Waiting for the next version might make sense here, although it is of note that the minimum required version of Python
is bumped to 3.6 there [3] (not an issue for us as we are currently using 3.7.3, but might cause problems elsewhere). The migration document also promises various performance improvements in the next version.
The required changes to the code are non-trivial for both versions and the migration to v1.4 also seems to require some rewrites. I advise to do both at the same time and postpone this issue until after the SQLAlchemy v1.4
release.
[1] https://docs.sqlalchemy.org/en/14/orm/session_basics.html
[2] https://docs.sqlalchemy.org/en/13/orm/session_basics.html
[3] https://docs.sqlalchemy.org/en/14/changelog/migration_14.html
Updated by Radko Krkoš about 4 years ago
As for the flask-sqlalchemy
, it is just a simple adaptor [1] and seems to take the sessionmaker
route [2]. It also seems to manage the lifetime of the session subobject. Although it is not obvious from the example code [3] (why would an object's attribute lifetime be different from the object itself?), the documentation refers to the session
as scoped and declares [4]:
You have to commit the session, but you don’t have to remove it at the end of the request, Flask-SQLAlchemy does that for you.
So the way of flask-sqlalchemy
should be a viable approach to correctly access the database and if not, it is a bug somewhere in the flask-sqlalchemy
\SQLAlchemy
\psycopg2
stack and should be treated as such.
This is all based on code review and study of the documentation, not tested hard evidence.
[1] https://github.com/pallets/flask-sqlalchemy/blob/master/src/flask_sqlalchemy/model.py
[2] https://flask-sqlalchemy.palletsprojects.com/en/2.x/api/#flask_sqlalchemy.SQLAlchemy
[3] https://flask-sqlalchemy.palletsprojects.com/en/2.x/quickstart/#a-minimal-application
[4] https://flask-sqlalchemy.palletsprojects.com/en/2.x/quickstart/#road-to-enlightenment
Updated by Radko Krkoš almost 4 years ago
- File test_flask_sqlalchemy.py test_flask_sqlalchemy.py added
Further investigating the flask-sqlalchemy
, a simple testing script was prepared (attached), to determine the session management behaviour. The output, especially section "Commit - transaction start", shows that commit()
in fact does not immediately start another transaction and that is deferred until the next query. Therefore, a viable approach using flask-sqlalchemy
is:
from flask import Flask from flask_sqlalchemy import SQLAlchemy app = Flask(__name__) db = SQLAlchemy(app) # New transaction db.session.query(...) db.session.commit() # New transaction db.session.query(...) db.session.commit() ...
as opposed to rollback()
that is required using the current architecture based on pure SQLAlchemy
.
Updated by Pavel Kácha almost 4 years ago
Consensus on 2021-01-11 meeting was that the correct way most probably is switching to flask-sqlalchemy, which hides some sqlalchemy idiosyncracies.
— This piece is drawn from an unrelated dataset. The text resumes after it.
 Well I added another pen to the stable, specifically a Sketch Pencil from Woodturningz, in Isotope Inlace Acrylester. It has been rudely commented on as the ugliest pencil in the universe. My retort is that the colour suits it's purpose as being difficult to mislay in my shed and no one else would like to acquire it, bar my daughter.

We would than be able to remove weird rollback introduced in #4251.
Updated by Pavel Kácha almost 4 years ago
- Target version changed from 2.8 to 2.9
Updated by Rajmund Hruška about 3 years ago
- Status changed from New to Feedback
- To be discussed set to Yes
I tried using flask_sqlalchemy to get rid of that rollback in 0d12bd68. Although the code is executable and all tests passed, when I check the running queries I see that the query from #4251 is still running. So the original problem is not solved yet.
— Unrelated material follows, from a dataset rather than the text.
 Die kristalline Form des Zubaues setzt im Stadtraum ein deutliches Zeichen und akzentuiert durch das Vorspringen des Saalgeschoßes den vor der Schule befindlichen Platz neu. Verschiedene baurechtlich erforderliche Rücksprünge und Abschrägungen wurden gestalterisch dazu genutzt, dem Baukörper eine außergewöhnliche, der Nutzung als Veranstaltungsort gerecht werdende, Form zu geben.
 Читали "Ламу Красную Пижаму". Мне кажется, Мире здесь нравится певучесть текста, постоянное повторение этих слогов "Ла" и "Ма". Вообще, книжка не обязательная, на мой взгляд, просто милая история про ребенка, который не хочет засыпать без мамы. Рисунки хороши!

From my understanding, I used the flask_sqlalchemy in the same way as in the example posted in #note-7 so it should be working. That is not the case though.
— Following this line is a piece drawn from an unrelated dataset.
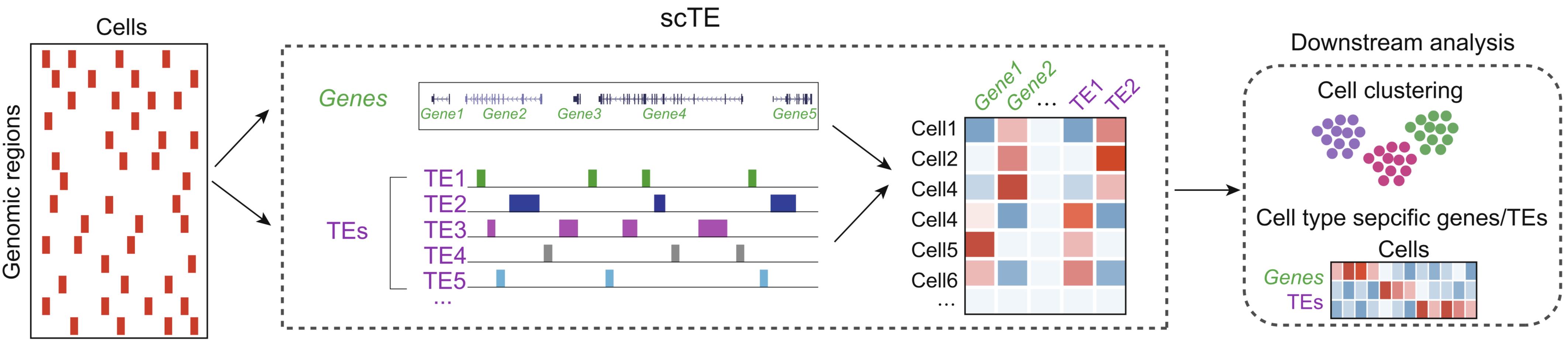 轉(zhuǎn)座元件(TEs)是人類基因組中含量最多的遺傳信息,是指一類能夠在基因組內(nèi)移動的DNA序列。TEs的插入和跳躍可以改變基因組遺傳信息,是物種進化的重要原動力。盡管大部分TEs已經(jīng)喪失了“跳躍”的能力,成為了基因組中的“分子化石”。但近年來研究發(fā)現(xiàn),TEs可以通過影響染色質(zhì)表觀遺傳修飾、轉(zhuǎn)錄因子結(jié)合、RNA編輯以及染色質(zhì)構(gòu)象等,對基因表達起著非常重要的調(diào)控作用。單細胞轉(zhuǎn)錄組測序(scRNA-seq)是研究細胞命運狀態(tài)的絕佳技術,近年來,更多的單細胞測序技術以及相應的生物信息學分析方法也在不斷改進,總體的目標是擴展能捕獲的信息及挖掘能代表生物學功能的潛在維度。然而,目前從scRNA-seq數(shù)據(jù)分析的工具包都只定量基因的表達,分析TEs的表達還比較困難,缺乏相關研究需要的生物信息學分析的工具包,因而忽略了基因組中含量最多的TEs來源的遺傳信息。

Updated by Radko Krkoš about 3 years ago
Rajmund Hruska wrote in #note-11:
From my understanding, I used the flask_sqlalchemy in the same way as in the example posted in #note-7 so it should be working.
Not quite. You need to signal an end of transaction to the ORM somehow. In #note-7, it is done by calling db.session.commit()
. In whois.py
, after being done with the loop of queries (somewhere about where previously the storage.session.rollback()
was), the storage.session.commit()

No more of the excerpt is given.